WHAT TO PRODUCE: The answer must consist solely of the lines from the opening line of the entries through the line with "5km run/gps orienteering.", transcribed exactly and without any pictures.

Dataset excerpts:
* * * *

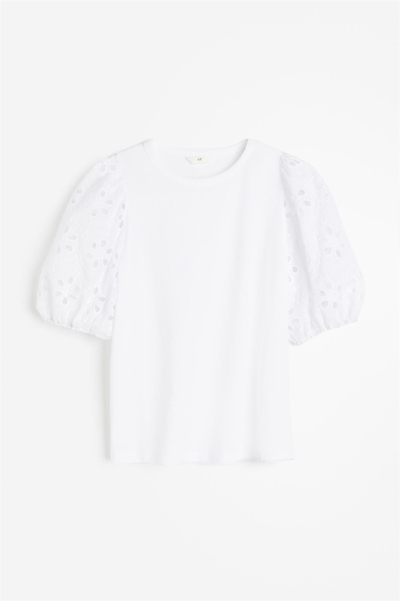 Топ из хлопкового джерси с круглым вырезом и короткими пышными рукавами в стиле бродери-англаз с узкими эластичными манжетами.
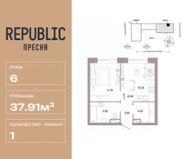 Продается 1комнатная квартира на 6 этаже от застройщика Страна Девелопмент. Площадь квартиры 37,91 кв. м. Стоимость указана без учета акций.
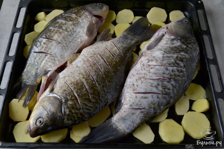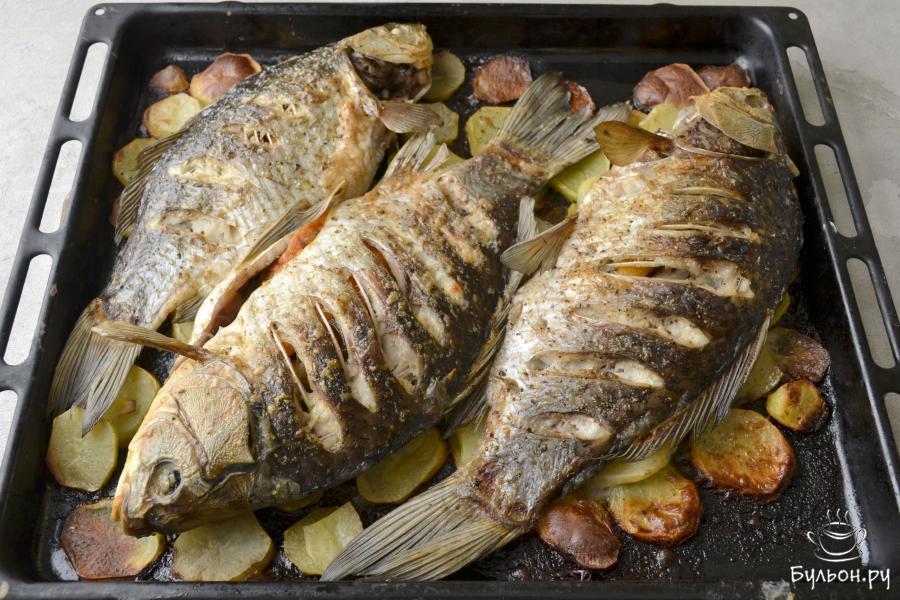 6. Переложите запеченного карася с картошкой на плоскую тарелку, добавьте к блюду любую свежую зелень и сразу подавайте к столу. Приятного аппетита!
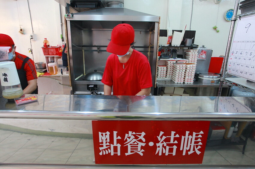 料理台上有公告依序排隊領取號碼牌,可見用餐高峰時段是大排長龍。
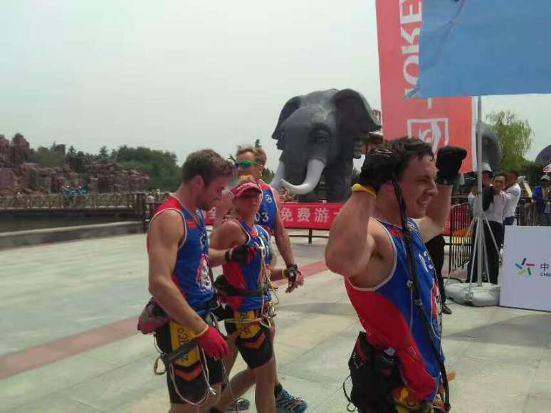 5km run/gps orienteering. Team Purao biomed caught us at the transition so we started the orientation together. It’s a practiced skill to put in gps coordinates while running. We needed to locate 4 checkpoints in a theme park. We ran with Purao until the 4th check point where we were 50m back from them and my GPS pointed a direction that was different to Purao’s direction! I yell out to the team to follow and luckily the checkpoint was right there, immediately putting a 50m gap on Purao. Then it was 150m to a zipline. However we knew that the timing chips we race with were time neutal due to safety at this point!
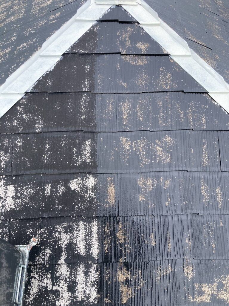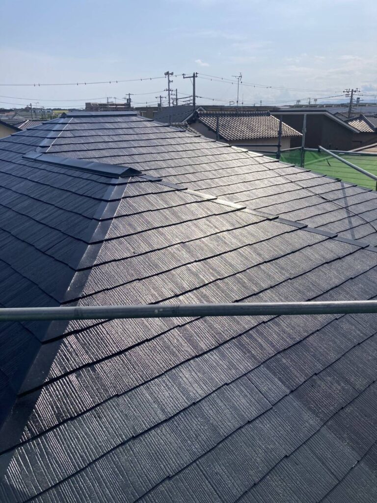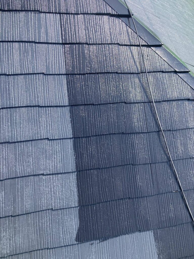あれほど傷んでいた屋根も、中塗りの工程で均一な黒色に仕上がってきました。屋根材の細かい模様(目地)を消してしまわないよう、適切な塗布量を守りながら、丁寧に塗り進めていきます。この中塗りで、塗膜の厚みを確保し、防水性能を高めていきます。
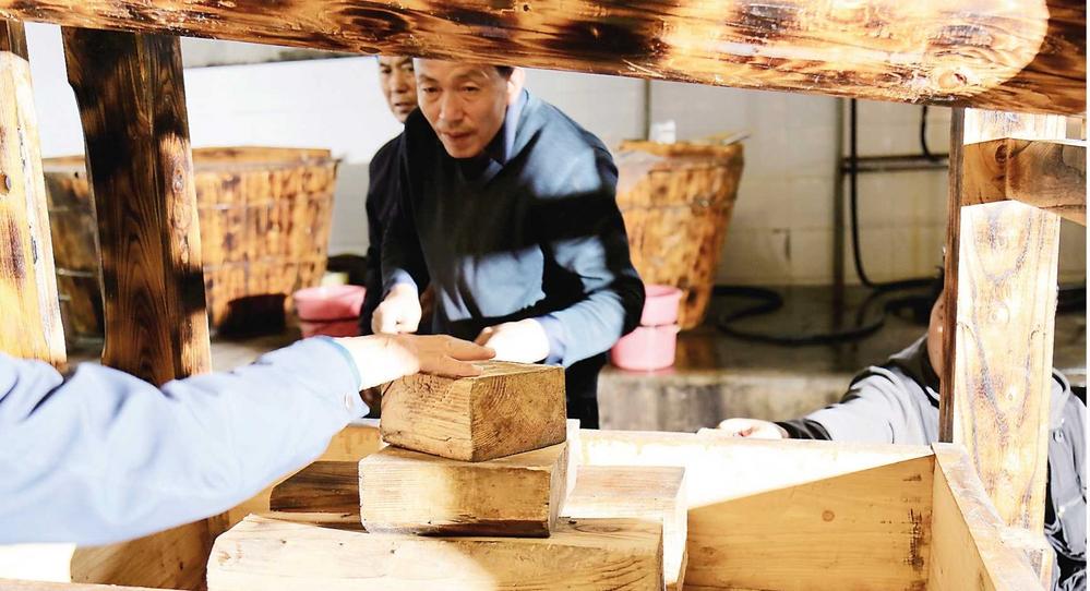 压榨与煎酒是分离酒液与提纯的关键。发酵成熟的酒醪,呈现出浓稠的糊状,散发着醇厚的酒香。匠人将酒醪装入木质榨厢,采用传统重压法,缓慢加压。清亮的酒液从榨厢的缝隙里缓缓渗出,顺着凹槽流入陶盆,色泽呈琥珀色,澄澈透明。刚榨出的原酒,还需进行“煎酒”——也就是灭菌处理。匠人将原酒倒入铁锅,加热至沸腾,保持10分钟。高温既能杀灭酒中的有害微生物,延长保质期,又能让酒液中的蛋白质等杂质凝聚沉淀,让酒体更澄澈。煎酒时匠人需全程值守,控制火候,防止酒液溢出,还要观察酒花的变化,细花如锦、持久不散,便是煎酒合格的标志。
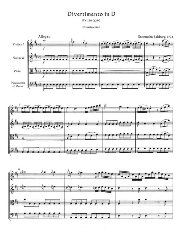 W.A. Mozart: Three Divertimenti for Strings KV 136-138 (noty, studijní partitura)
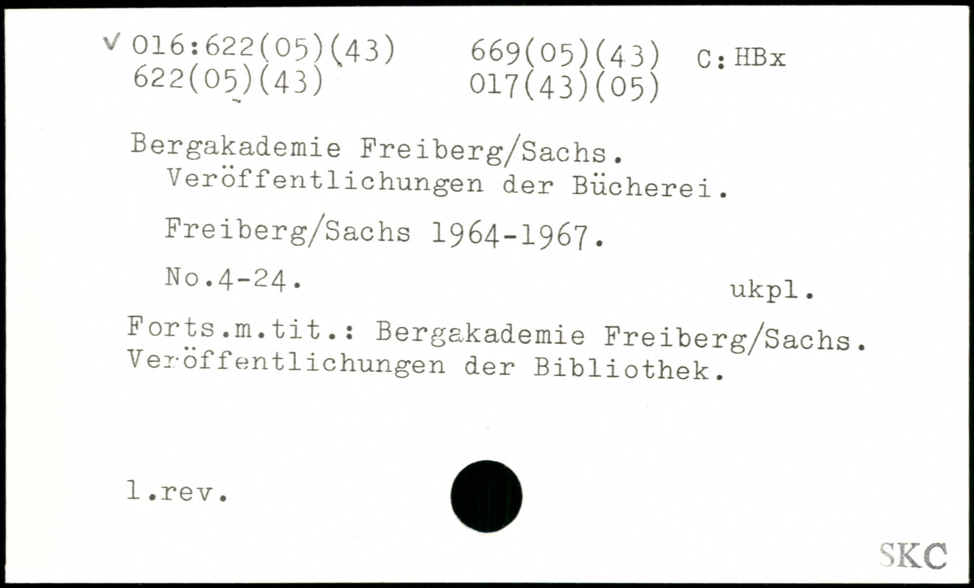 Bergakademie Freiberg/Sachs. Veroffentlichungen der Bücherei. Freiberg/Sachs 1964-1967. No.4-24. ukpl. Forts.m.tit.: Bergakademie Freiberg/Sachs. Veröffentlichungen der Bibliothek.

* * * *

RESULT OF THIS TASK:
 Топ из хлопкового джерси с круглым вырезом и короткими пышными рукавами в стиле бродери-англаз с узкими эластичными манжетами.
 Продается 1комнатная квартира на 6 этаже от застройщика Страна Девелопмент. Площадь квартиры 37,91 кв. м. Стоимость указана без учета акций.
 6. Переложите запеченного карася с картошкой на плоскую тарелку, добавьте к блюду любую свежую зелень и сразу подавайте к столу. Приятного аппетита!
 料理台上有公告依序排隊領取號碼牌,可見用餐高峰時段是大排長龍。
 5km run/gps orienteering. Team Purao biomed caught us at the transition so we started the orientation together. It’s a practiced skill to put in gps coordinates while running. We needed to locate 4 checkpoints in a theme park. We ran with Purao until the 4th check point where we were 50m back from them and my GPS pointed a direction that was different to Purao’s direction! I yell out to the team to follow and luckily the checkpoint was right there, immediately putting a 50m gap on Purao. Then it was 150m to a zipline. However we knew that the timing chips we race with were time neutal due to safety at this point!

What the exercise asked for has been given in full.